Items from a data source:
──────────────────────────────

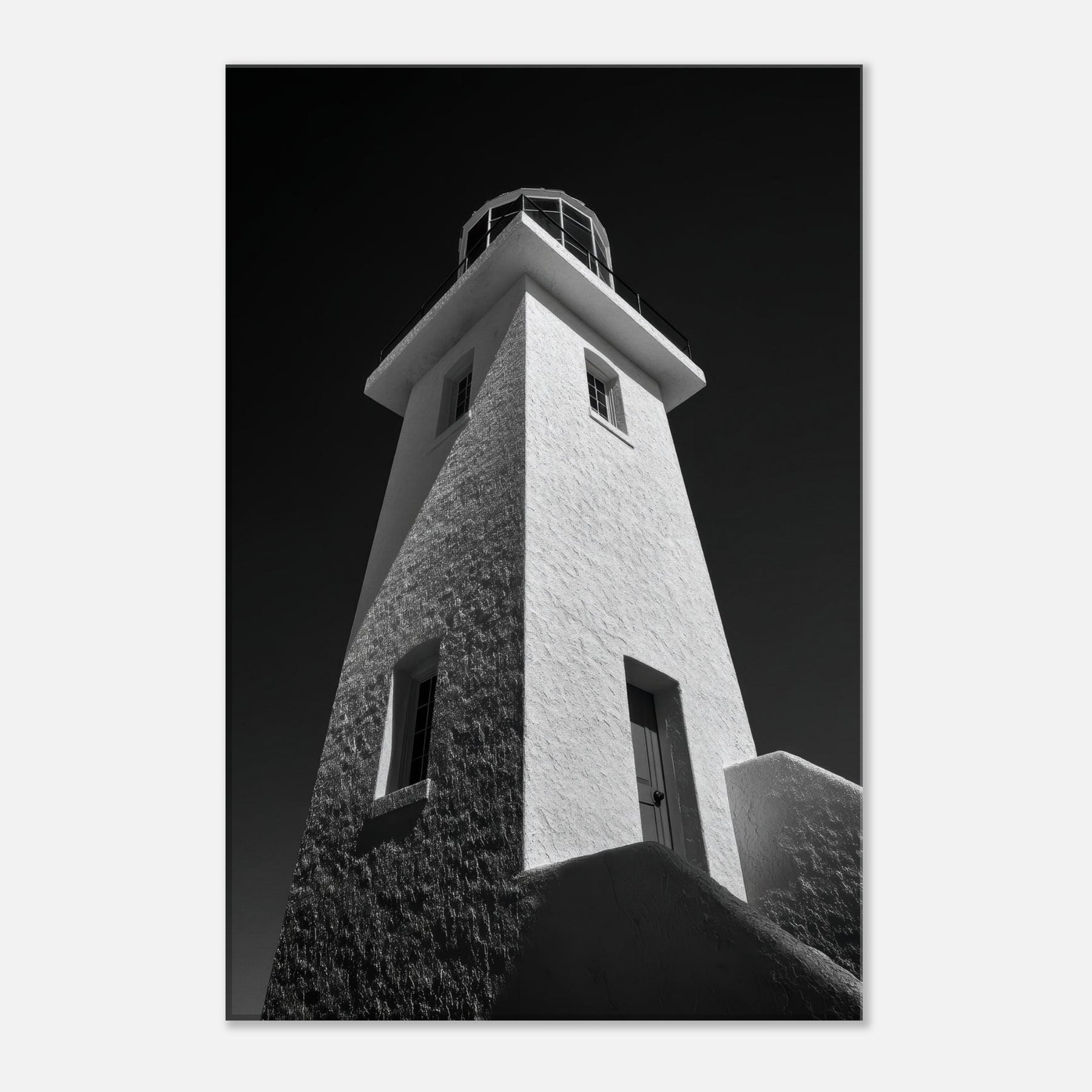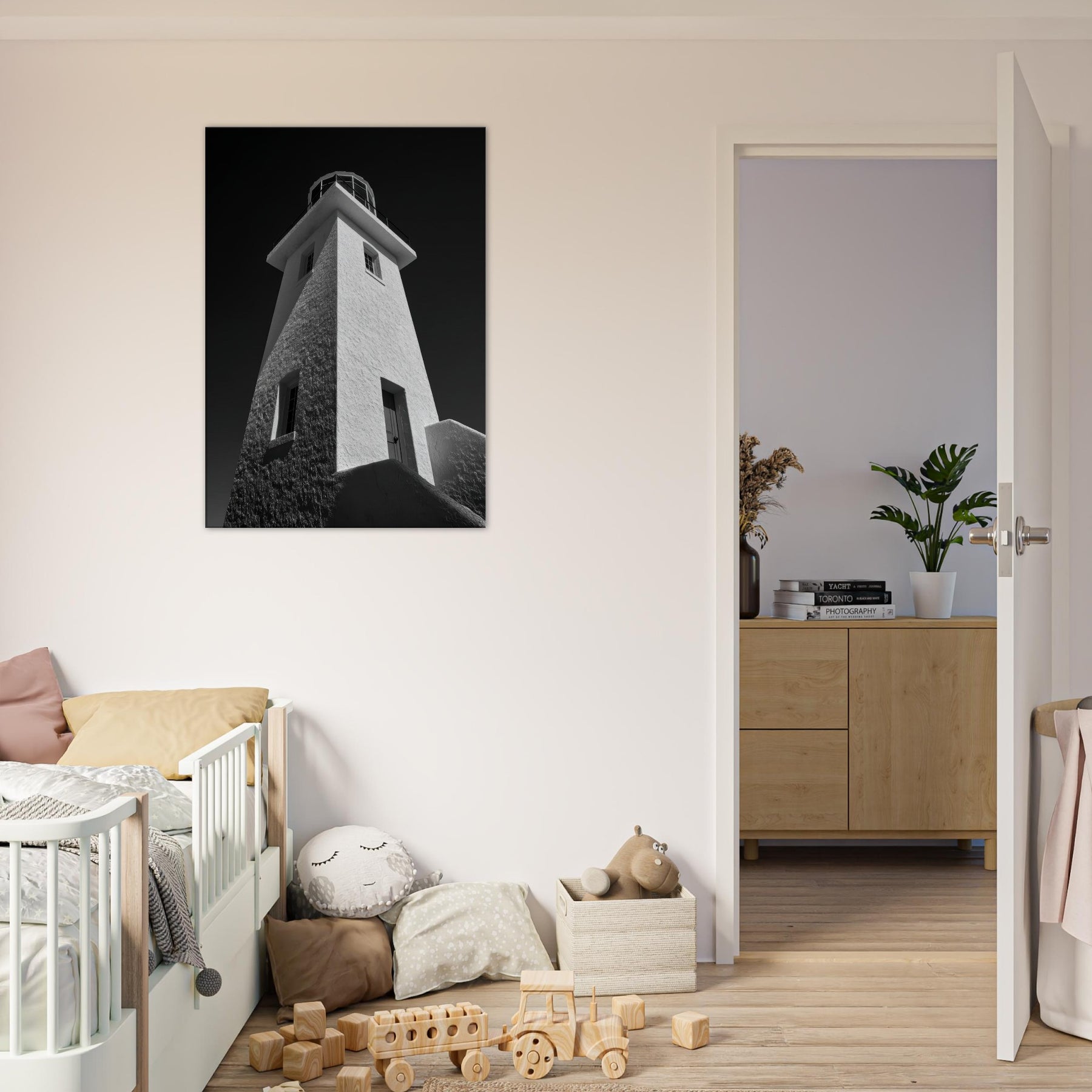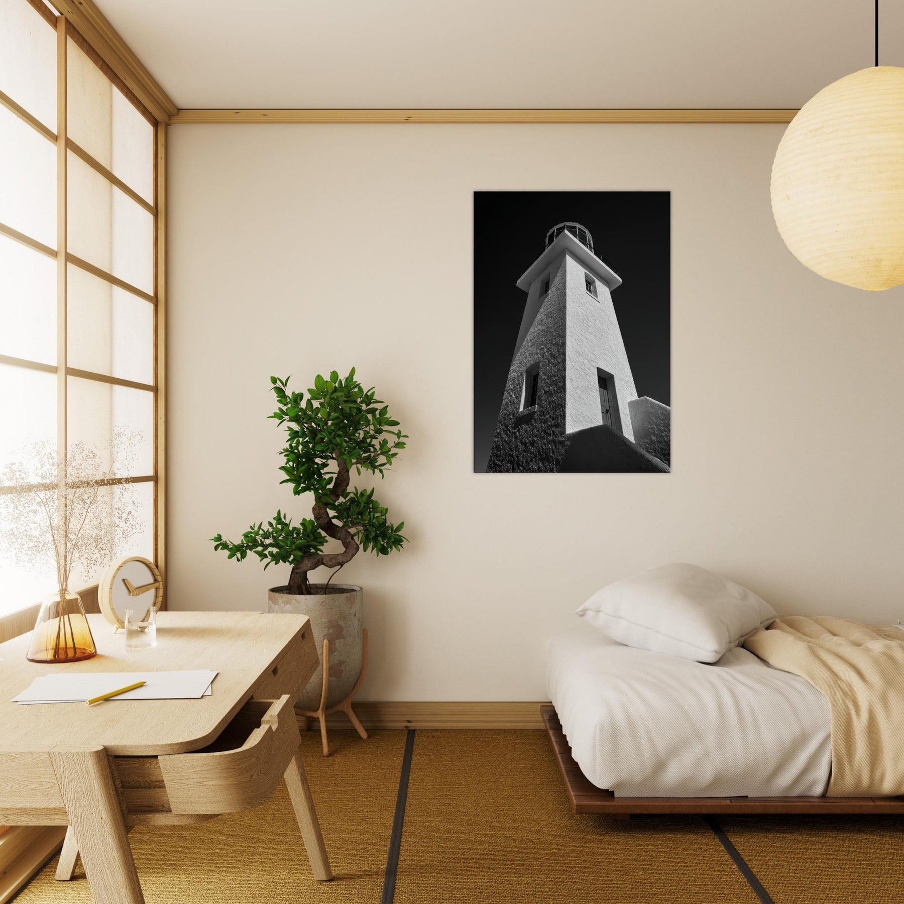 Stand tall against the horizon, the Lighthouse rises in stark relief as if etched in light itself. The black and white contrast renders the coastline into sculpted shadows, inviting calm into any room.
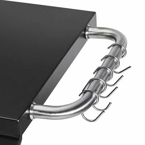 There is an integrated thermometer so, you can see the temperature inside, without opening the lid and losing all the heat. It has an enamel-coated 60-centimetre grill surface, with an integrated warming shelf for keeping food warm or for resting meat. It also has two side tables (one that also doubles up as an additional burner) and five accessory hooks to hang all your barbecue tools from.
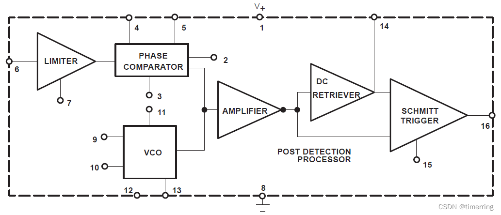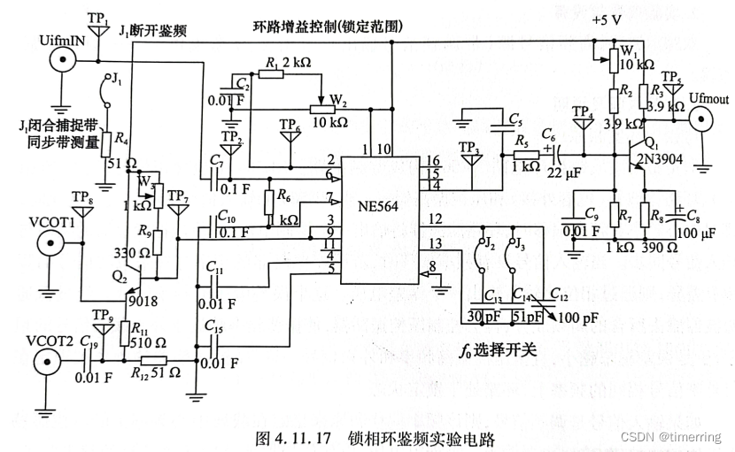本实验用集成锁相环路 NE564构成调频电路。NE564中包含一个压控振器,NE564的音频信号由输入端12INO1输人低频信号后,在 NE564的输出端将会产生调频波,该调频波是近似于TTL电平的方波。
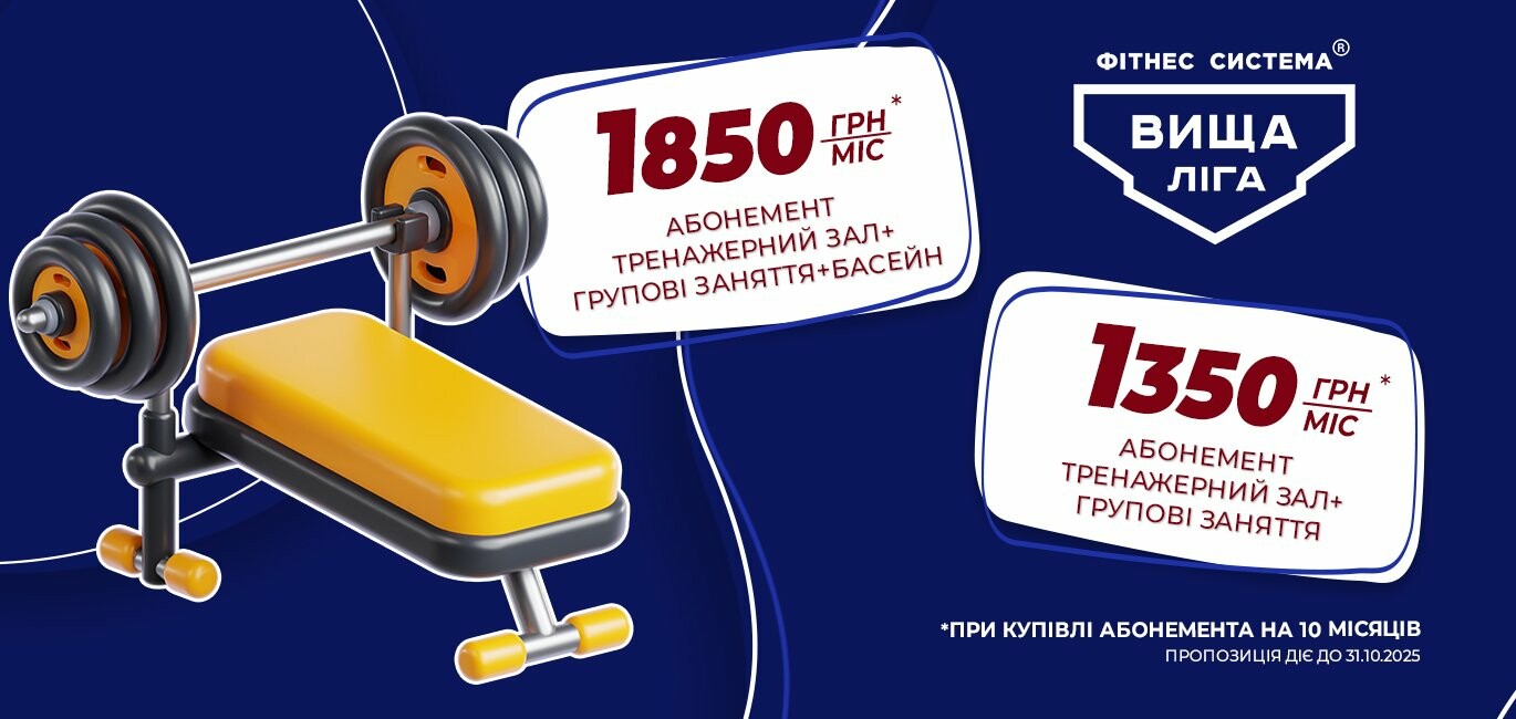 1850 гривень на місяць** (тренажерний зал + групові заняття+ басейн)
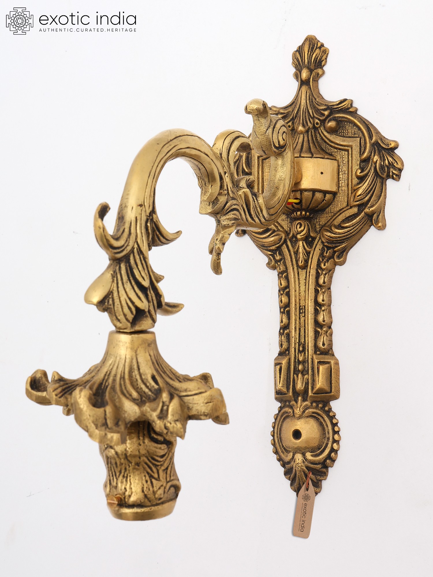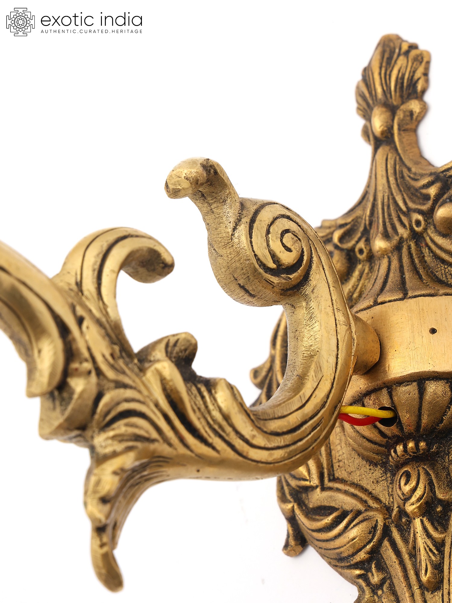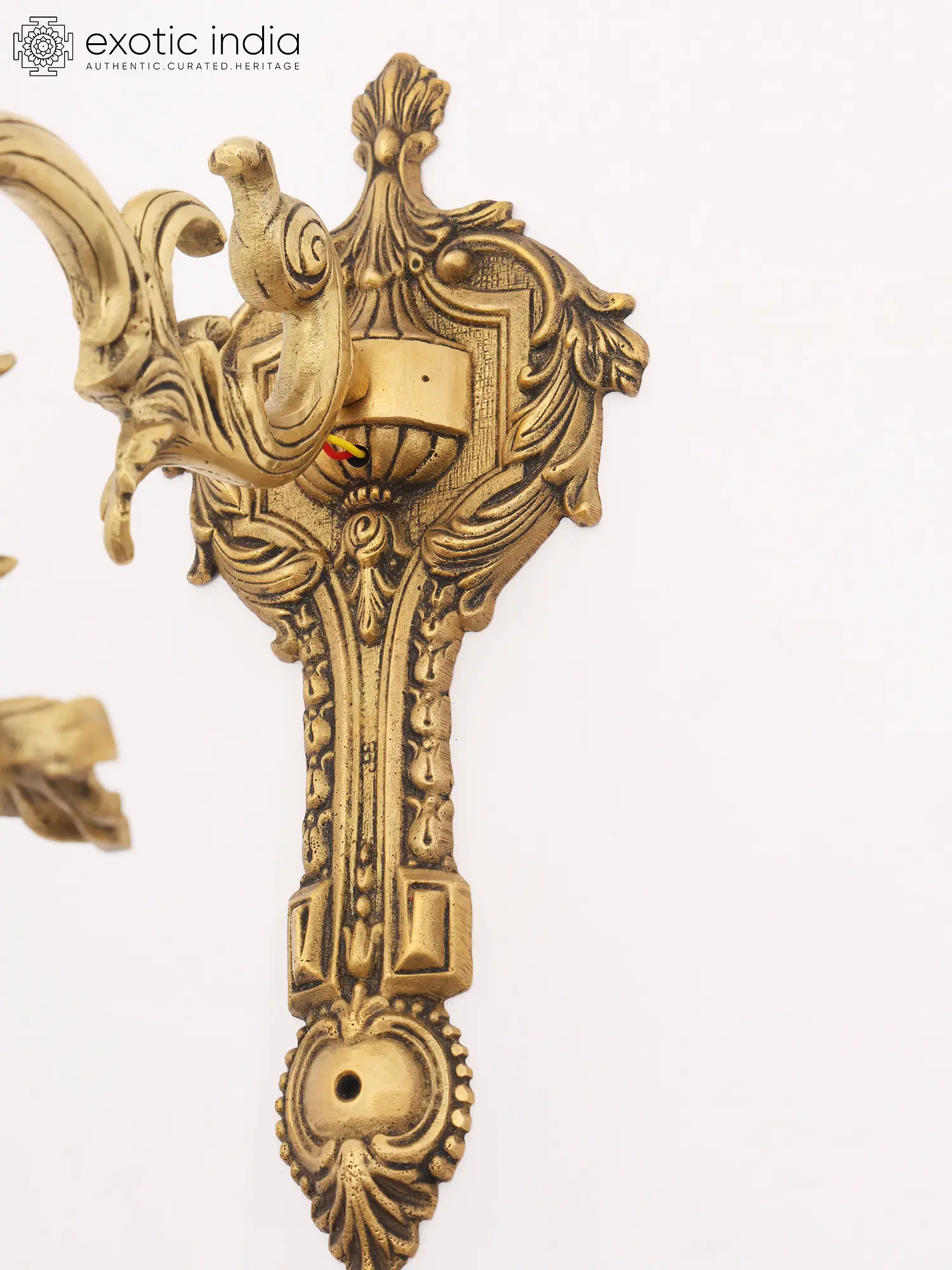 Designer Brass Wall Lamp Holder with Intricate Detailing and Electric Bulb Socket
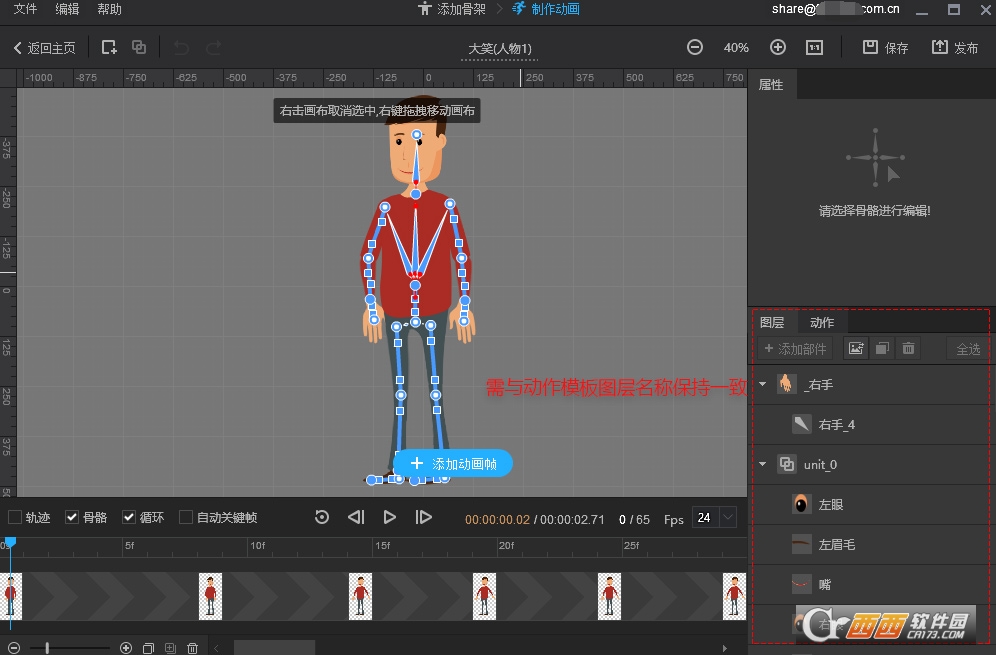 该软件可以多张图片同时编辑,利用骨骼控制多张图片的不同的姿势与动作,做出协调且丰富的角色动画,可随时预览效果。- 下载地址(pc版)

──────────────────────────────

[WORK INSTRUCTIONS] When you write out the data, keep every line exact and drop the pictures.

[TASK SOLUTION]
 Stand tall against the horizon, the Lighthouse rises in stark relief as if etched in light itself. The black and white contrast renders the coastline into sculpted shadows, inviting calm into any room.
 There is an integrated thermometer so, you can see the temperature inside, without opening the lid and losing all the heat. It has an enamel-coated 60-centimetre grill surface, with an integrated warming shelf for keeping food warm or for resting meat. It also has two side tables (one that also doubles up as an additional burner) and five accessory hooks to hang all your barbecue tools from.
本实验用集成锁相环路 NE564构成调频电路。NE564中包含一个压控振器,NE564的音频信号由输入端12INO1输人低频信号后,在 NE564的输出端将会产生调频波,该调频波是近似于TTL电平的方波。
 1850 гривень на місяць** (тренажерний зал + групові заняття+ басейн)
 Designer Brass Wall Lamp Holder with Intricate Detailing and Electric Bulb Socket
 该软件可以多张图片同时编辑,利用骨骼控制多张图片的不同的姿势与动作,做出协调且丰富的角色动画,可随时预览效果。- 下载地址(pc版)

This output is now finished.